Rev. mex. de cienc. pecuarias vol.11 no.2 Mérida abr./jun. 2020 Epub 23-Oct-2020

https://doi.org/10.22319/rmcp.v11i2.4843

Articles

Effect of a multienzyme complex and a probiotic in laying hens fed sorghum-soybean-canola diets

Pedro Juárez Morales^a

Arturo Cortes Cuevas^a^*

José Arce Menocal^b

Juan Carlos Del Río García^c

Gabriela Gómez Verduzco^a

Ernesto Avila González^a

^{^a} Universidad Nacional Autónoma de México, Facultad de Medicina Veterinaria y Zootecnia, Centro de Enseñanza, Investigación y Extensión en Producción Avícola. Manuel M. López s/n Col. Zapotitlán, 13209, Tláhuac, Ciudad de México, México.

^{^b} Universidad Michoacana de San Nicolás de Hidalgo, Facultad de Medicina Veterinaria y Zootecnia. Morelia, Michoacán, México.

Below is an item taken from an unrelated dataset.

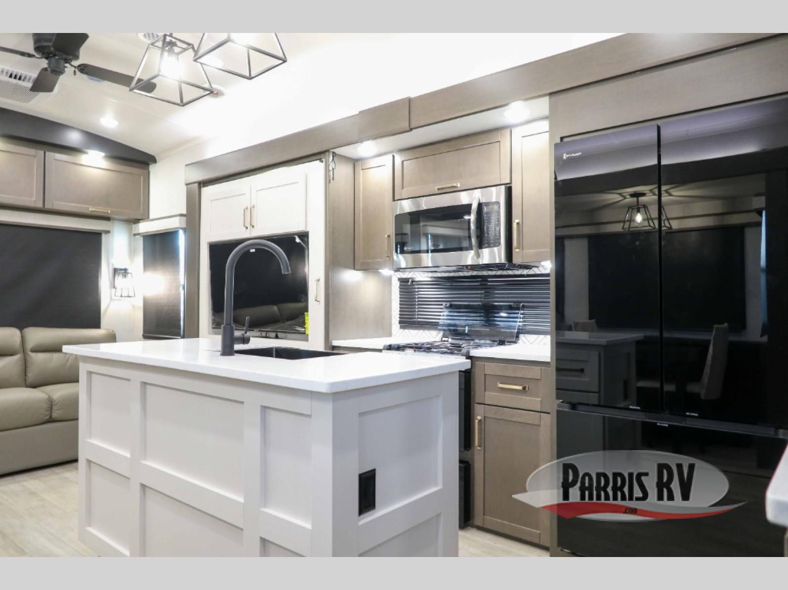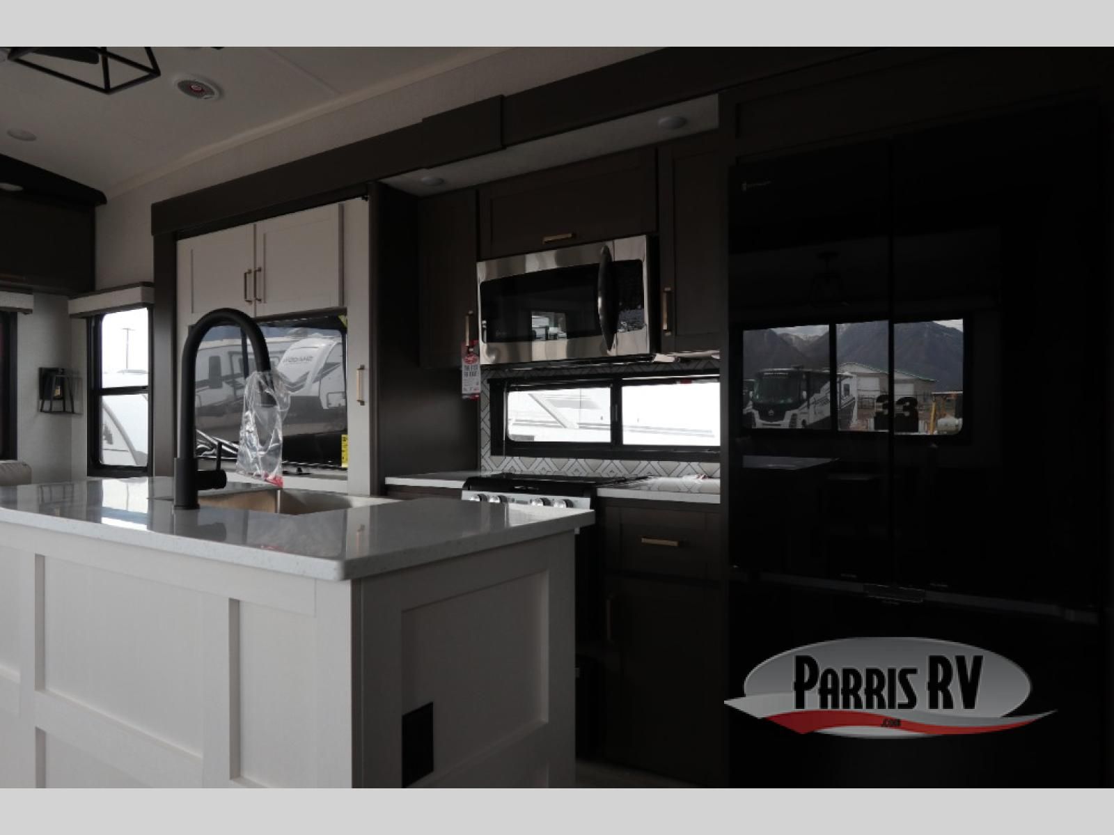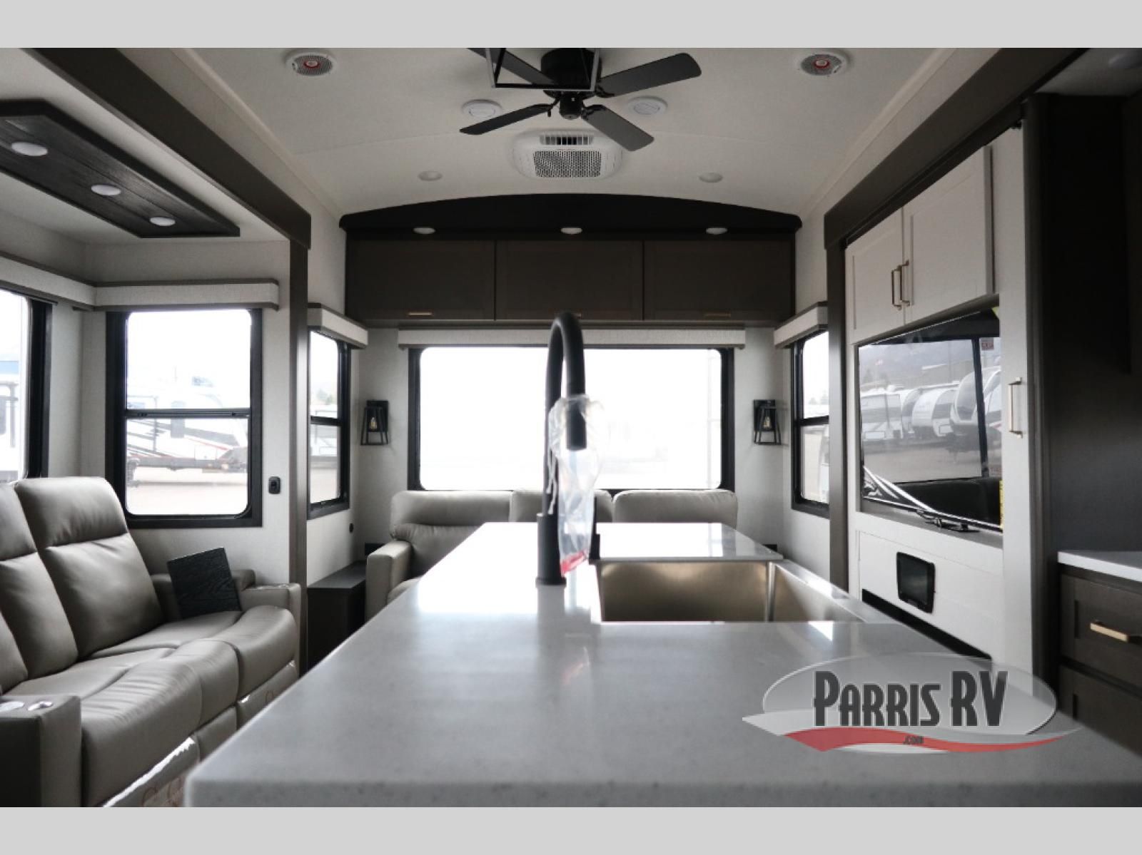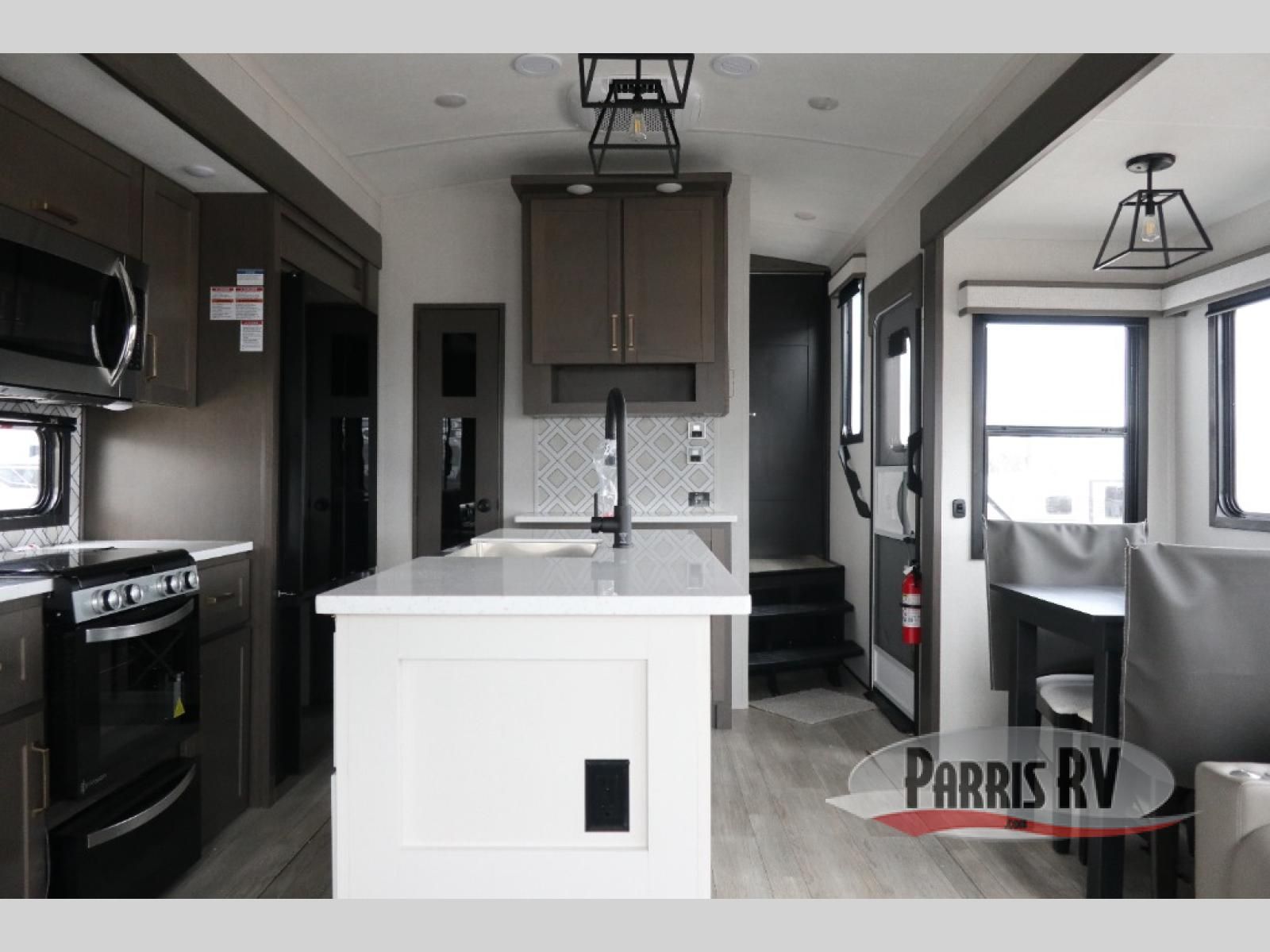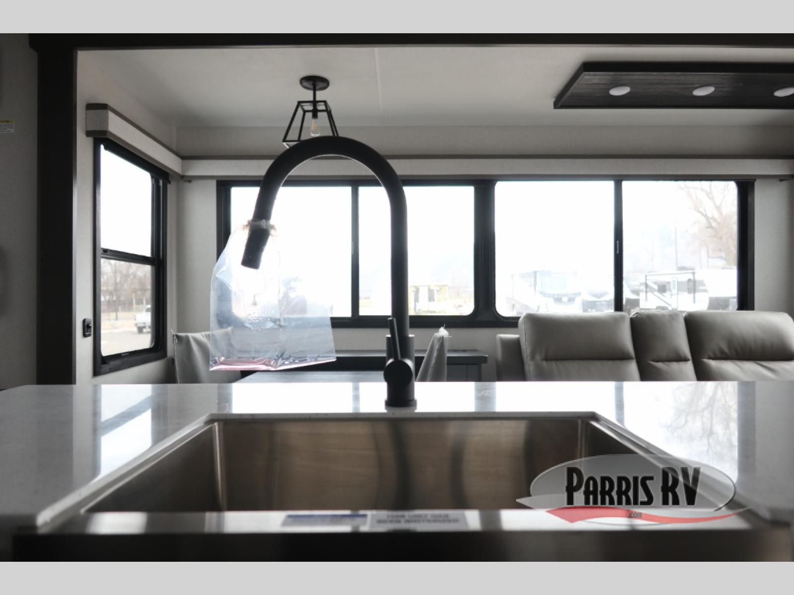 The Heartland Milestone is a full-profile luxury fifth wheel that is ready to help you make the most of your adventures! You will find a TrussTXL Roof System with Alpha roof membrane system offering quality exterior protection, and the Power Up Solar that includes a 200 watt solar panel will let you go off-grid when the adventure calls for it. The upgraded MORryde Step Above entrance steps will help you enter your unit with ease, and the 6-point hydraulic auto-leveling system comes standard to help you keep your unit secure while camping. The interior kitchen has some great features, like residential solid surface countertops and a large farmhouse sink. There are roller night shades throughout each unit to have privacy and comfort.

^{^c} Universidad Nacional Autónoma de México, Facultad de Estudios Superiores Cuautitlán. Estado de México, México.

Abstract

This study aimed to evaluate the productive parameters and the concentrations of serum intestinal secretory IgA, cholesterol, LDL, and HDL of laying hens fed sorghum + soybean + canola diets with lower content of nutrients and added with a multienzyme complex (proteases, amylases, and xylanases) and a probiotic (Bacillus subtilis). A total of 180 Bovans White laying hens, between 42 and 54 wk of age, were randomly assigned to three treatments: 1) control diet; 2) low metabolizable energy diet (50 kcal/kg and 2 % of protein and methionine and lysine amino acids) + enzymes; 3) diet number two + probiotic. Productive performance results showed a significant difference (P<0.05) in egg weight between both treatments; treatment 3, added with the enzymes and probiotic, increased egg weight, compared to treatment 2. Humoral immunity, cholesterol, LDL, and HDL variables showed no statistical differences (P> 0.05) between treatments. This study demonstrates that low-nutrient (ME, protein, and lysine and methionine amino acids) diets added with a multienzyme complex and probiotic allow similar results in productive parameters compared to the control diet, and without changing intestinal immunity and levels of cholesterol, high- and low-density lipoproteins in Bovans White hens.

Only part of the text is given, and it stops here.